NOVEMBER 2024
Nicole Evans
I am a mix of overjoyed and righteously defiant following the news of Eli Rubashkyn’s overturned appeal on November 18, 2024. Finally, 20 months after an appalling display of mob mentality, anger and hatred, I hope and pray that this key offender at the March 25th riot in Albert Park will get the message that differences of opinion do not equate to, nor do they justify, physical or psychological violence.
Rubashkyn was convicted and discharged on two counts of common assault in the District Court in September 2024. The defendant had asked for a discharge without conviction during the sentencing to avoid having to disclose a criminal record when travelling internationally.
But Judge Kirsten Lummis had very valid reasons for the conviction: first, that this was a premeditated attack, second, Rubashkyn had shown no true remorse.
The maximum penalty for a conviction of common assault is a $4000 fine or 6 months in prison.

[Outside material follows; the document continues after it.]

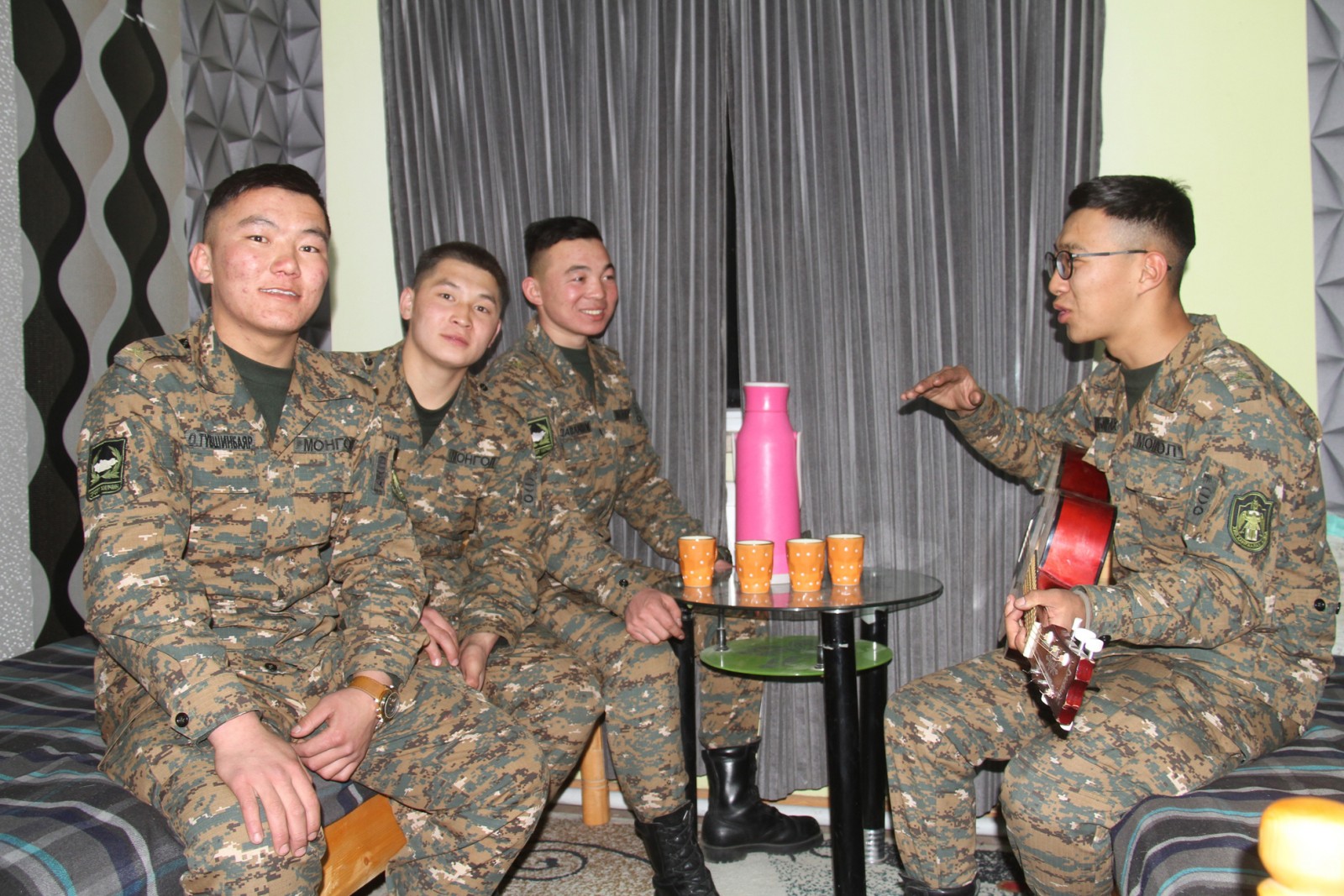 “За танайд зочильё” гэвэл мань дөрөв сандарч байгаа бололтой өөд өөдөөсөө харан инээлдэв. Болоогүй нүдээрээ хоорондоо ирмэлцэж байна. Ингээд хоёр нь гарч одов. Нэг нь гал тогооноос чацаргана, нөгөө нь хаанаас ч юм хоосон байсан тавгаа чихрээр дүүргэн маасайтал инээсээр буцаж орж ирэв. “За хаанаас дээрэмдчихэв” гэж наргивал асуудалгүй гээд инээлдлээ. За ингээд цай ууж, идээг нь идсэн зочны ёсоор тэдэнтэй танилцав. Залуус хилийн харуулаас бууж ирээд гурав хонож байгаа аж. ХЦАХ-аас гэрээт хилчид нэг шат ахисан гэсэндээ тэд илэн далангүй, чөлөөтэй үзэл бодлоо илэрхийлнэ. Магадгүй яриа хөөрөө сайтай дөрөвтэй ч таарсан уу бүү мэд. Тус өрөөний ах нар нь О.Түвшинбаяр, Б.Мянганмягмар хоёр. Нэг жил, нэг сар албаа амжилттай хааж байгаа аж. Харин өрөөний хамгийн отгон нь гэрээт хилчин, байлдагч Б.Давааням өнгөрсөн оны есдүгээр сард гэрээт хилчин болж тус салбарт томилогдон иржээ. Гэрээт хилчин, байлдагч Б.Галбадрахын хувьд заставт томилогдон ирээд таван сар болж байгаа гэнэ. Гэхдээ тэд бие биедээ ахархаж ихэрхээд байх зүйл үгүй. Нэгэн үеийн залуусын хувьд амь нэгтэй, их дотно болох нь яриа өрнөхөөс эхлээд мэдрэгдэв.

I was present at the Albert Park event, I supported what it stood for and I think Rubashkyn got off lightly with no penalty. New Zealand is a free and democratic society and the protesters were entitled to be there, but when you choose physical protest, you’ve crossed a legal line.
Justice David Johnstone discussed this in his decision rejecting Rubashkyn’s appeal:
It is important that those who wish to oppose, by protesting against, views they consider abhorrent, do so without engaging in physical attacks. … The courts should be seen to denounce, and in that way generally to deter, that form of protest, because of the risk it will be copied, perhaps more harmfully, and because of its inherent tendency to undermine rather than facilitate the rule of law.” [i]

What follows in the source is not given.